Heather Dawn Lyons Hilig v. Robert Todd Heilig – Tennessee parent relocation granted
The mother and father in this Chattanooga, Tennessee, parental relocation case were married in 1998. They cared for two foster children, born in 2000 and 2002. Prior to the divorce, the father legally adopted them, but the mother did not. A third child was born in 2004, and all three boys lived together as brothers. The mother and father divorced in 2009, and the youngest child’s permanent parenting plan initially named the mother as primary residential parent, with each parent spending 182.5 days. The plan was amended a number of times, and ultimately, the father was the primary residential parent with 233 days of parenting time, the mother having 132 days.
In 2013, the father notified the mother of his intent to move with the children to Toccoa, Georgia, which is about 3-1/2 hours from Chattanooga, for a new job. The mother opposed the move and went to court to disallow it. The trial court agreed with the father and allowed the move. Dissatisfied, the mother appealed to the Tennessee Court of Appeals.
The lower court had found that the father spent more time with the children than the mother did. Therefore, under the relevant section of the Tennessee parental relocation statute, a move should be allowed unless the mother showed that the move was vindictive or did not have a reasonable purpose.
The father testified that the move had a reasonable purpose in that he had taken a position as a pastor of student ministries in Georgia after being laid off from his employment in Chattanooga. The lower court had agreed with the reasonableness, and that there had been no vindictive purpose.
On appeal, the mother first argued that the lower court had used the wrong section of the statute. She argued that she actually spent substantially equal time with the children, which would cause the section of the statute more favorable to her to be applicable.
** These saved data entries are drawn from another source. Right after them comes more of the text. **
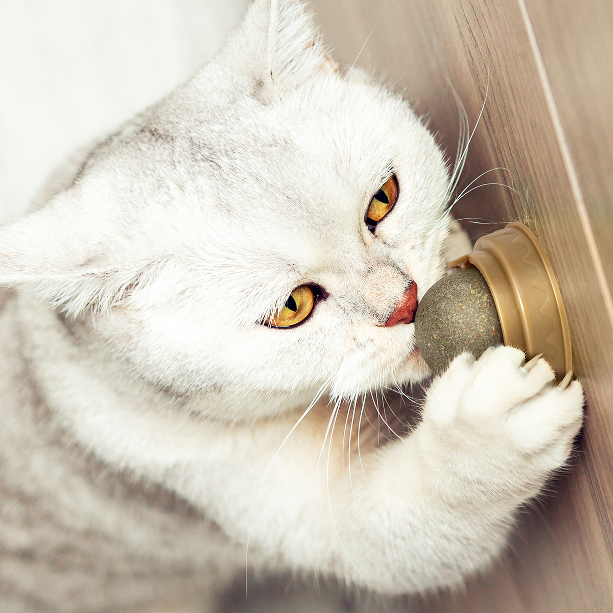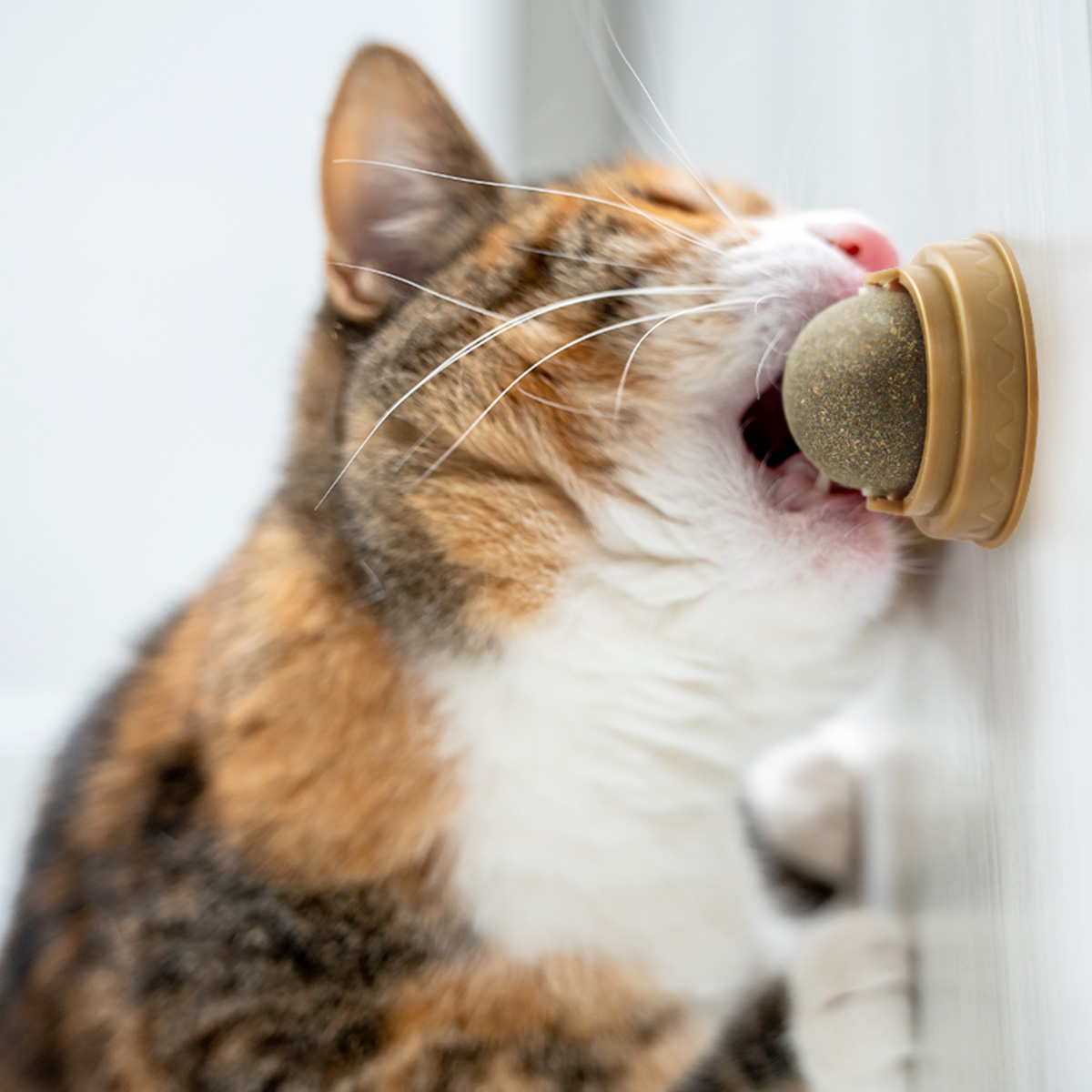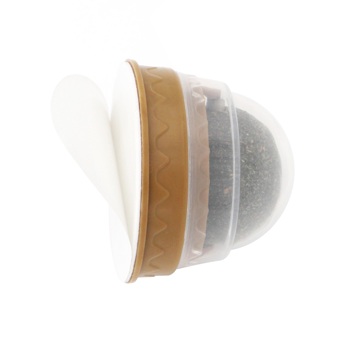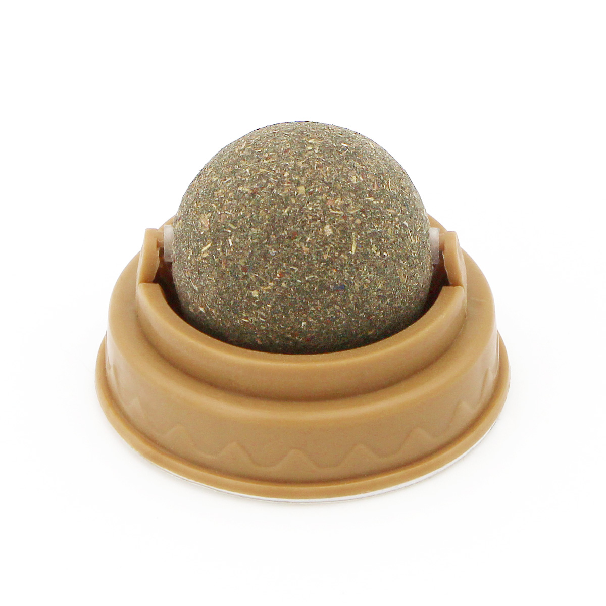 Fixée sur un socle adhésif robuste, la boule tourne à 360°, permettant au chat de la lécher, frotter ou mordiller à sa guise.
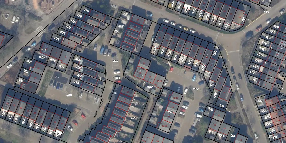 Het adres is gelegen op perceel 6369 in de sectie G en de kadastrale gemeente Monster. De kadastrale aanduiding is aldus MSR00-G-6369. Het perceel is kleiner dan gemiddeld in Monster. Het perceel is 507 m² groot, terwijl het gemiddelde ligt op 1817,87 m². De grootste perceeloppervlakte in de kadastrale gemeente is 5,16 km². De kleinste oppervlakte bedraagt 0 m². Er zijn 5 adressen aanwezig op het perceel. De huidige grenzen van het perceel zijn digitaal in de Basisregistratie Kadaster (BRK) geregistreerd op 08-01-2004.
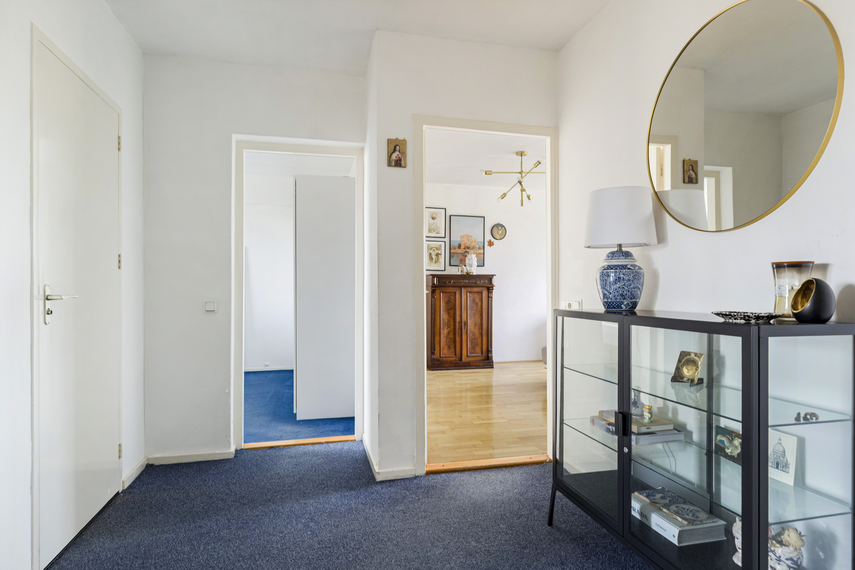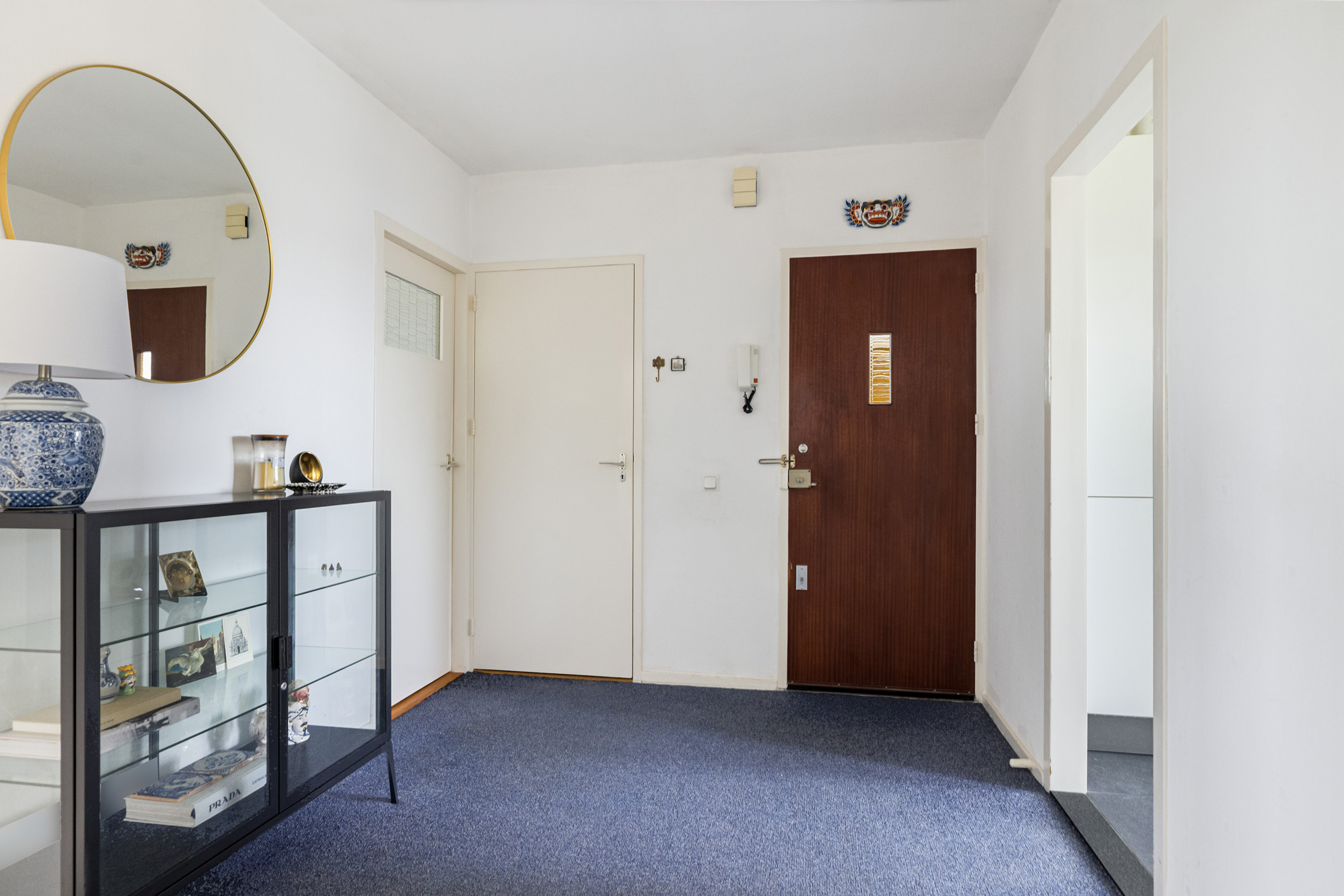 Via de woningentree kom je in de royale hal, die toegang biedt tot alle vertrekken. De hal beschikt over een praktische vaste kast, ideaal voor garderobe of extra bergruimte.
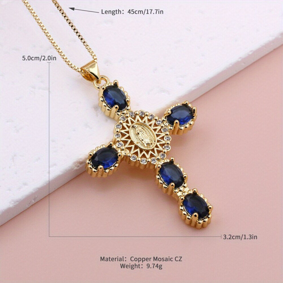 1pc Mens Cross Pendant Necklace Large Dark Crystal Cross Necklace Long Charm Sweater Chain Accessory Thanksgiving Christmas Birthday For Men Women Fr
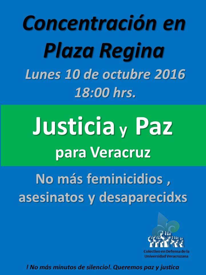 En Xalapa, se ha llamado a una concentración en la Plaza Regina –Lerdo-, a las 18:00 horas.

The mother argued that the son was very involved in sports, and that she spent considerable time with her son, including serving as the “team mom.” She believed that her actual time spent was about half the parenting time. She argued that on the days she was involved with sports, her sleeping time and working time shouldn’t be counted. Instead, she reasoned that she spent most of the non-working waking hours with her son on those days.
The appeals court first noted that sleeping hours should not be discounted, because the parent is responsible during those times. And the court went on to find that miscellaneous hours could not be “lumped together” for the purposes of adding them up to a full day. Based upon this analysis, the appeals court agreed with the lower court that the son was spending greater amounts of time with the father.
Because the lower court had already found that the move had a reasonable purpose and was not vindictive, it affirmed the lower court’s order that the move to Georgia would be allowed.
No. E2014-00586-COA-R3-CV (Tenn. Ct. App. June 15, 2015).
See original opinion for exact language. Legal citations omitted.